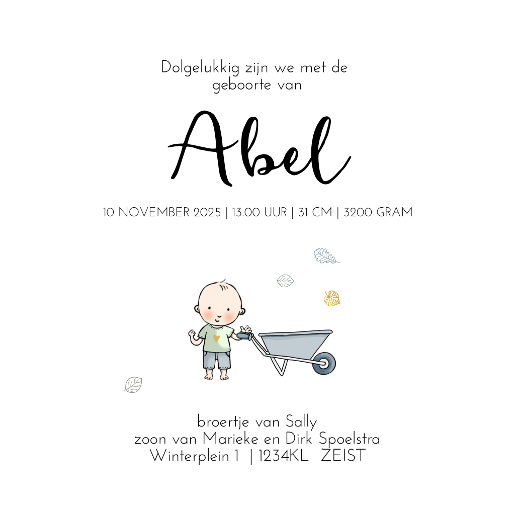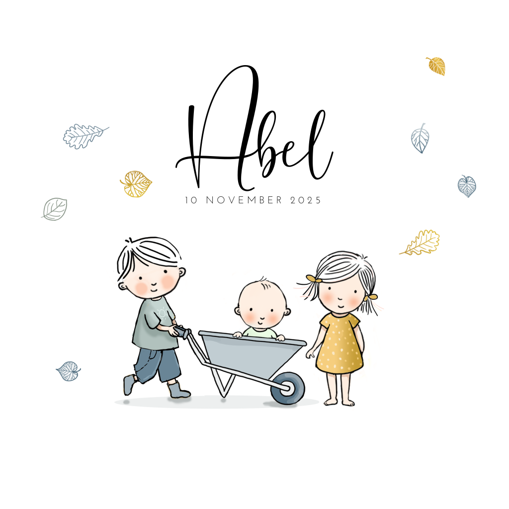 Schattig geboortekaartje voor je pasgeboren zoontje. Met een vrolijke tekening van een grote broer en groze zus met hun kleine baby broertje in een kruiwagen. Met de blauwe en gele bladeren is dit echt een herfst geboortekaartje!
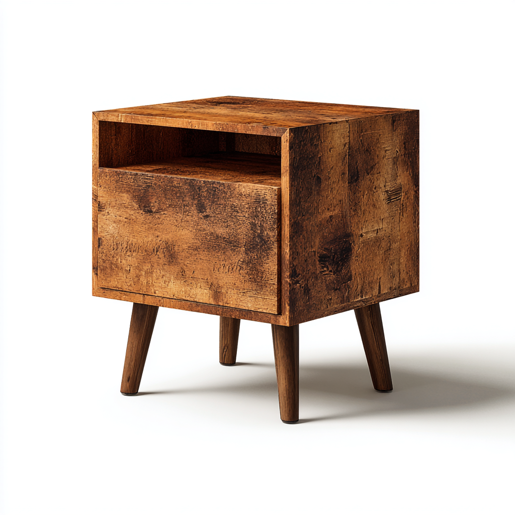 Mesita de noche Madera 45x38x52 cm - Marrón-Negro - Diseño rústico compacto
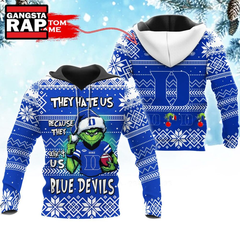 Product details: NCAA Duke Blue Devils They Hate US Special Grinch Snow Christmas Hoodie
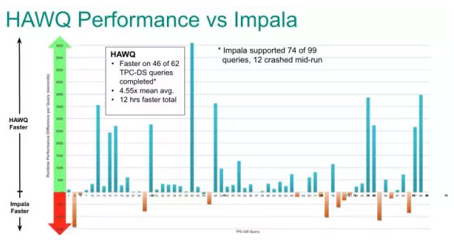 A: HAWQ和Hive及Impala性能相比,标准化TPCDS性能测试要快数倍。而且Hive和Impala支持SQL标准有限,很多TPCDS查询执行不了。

|---|

Copy out all the data exactly; skip the pictures.

> [SOLUTION TO THIS EXERCISE]:
 Schattig geboortekaartje voor je pasgeboren zoontje. Met een vrolijke tekening van een grote broer en groze zus met hun kleine baby broertje in een kruiwagen. Met de blauwe en gele bladeren is dit echt een herfst geboortekaartje!
 Mesita de noche Madera 45x38x52 cm - Marrón-Negro - Diseño rústico compacto
 Product details: NCAA Duke Blue Devils They Hate US Special Grinch Snow Christmas Hoodie
 A: HAWQ和Hive及Impala性能相比,标准化TPCDS性能测试要快数倍。而且Hive和Impala支持SQL标准有限,很多TPCDS查询执行不了。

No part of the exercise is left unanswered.